» Work instruction: Produce a word-for-word copy of the data that follows, excluding images.

» Supplied information:
<<<<

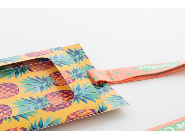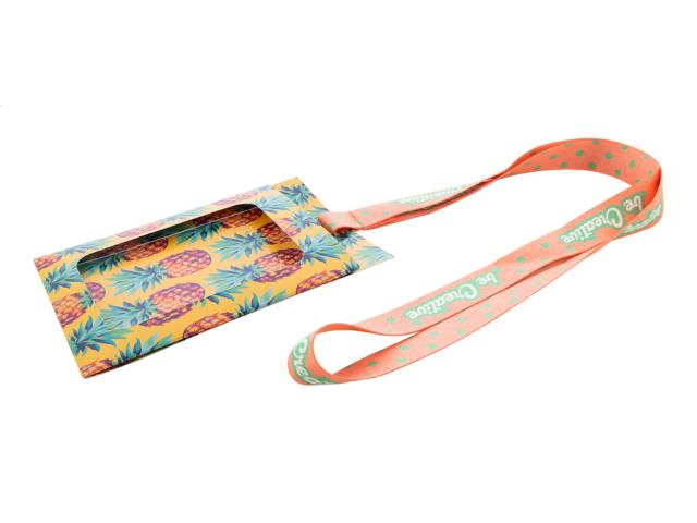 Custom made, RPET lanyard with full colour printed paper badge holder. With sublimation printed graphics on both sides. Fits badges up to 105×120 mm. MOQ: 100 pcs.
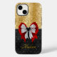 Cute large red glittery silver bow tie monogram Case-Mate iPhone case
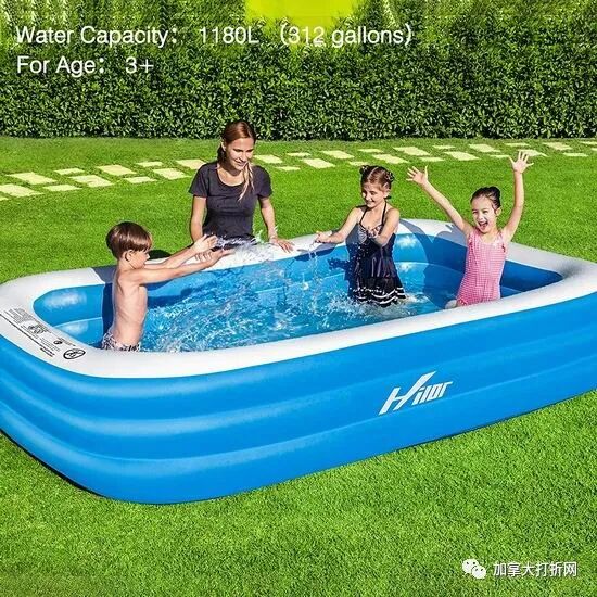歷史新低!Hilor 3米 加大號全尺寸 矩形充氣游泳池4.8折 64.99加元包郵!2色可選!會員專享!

>>>>

» Task result:
 Custom made, RPET lanyard with full colour printed paper badge holder. With sublimation printed graphics on both sides. Fits badges up to 105×120 mm. MOQ: 100 pcs.
 Cute large red glittery silver bow tie monogram Case-Mate iPhone case
歷史新低!Hilor 3米 加大號全尺寸 矩形充氣游泳池4.8折 64.99加元包郵!2色可選!會員專享!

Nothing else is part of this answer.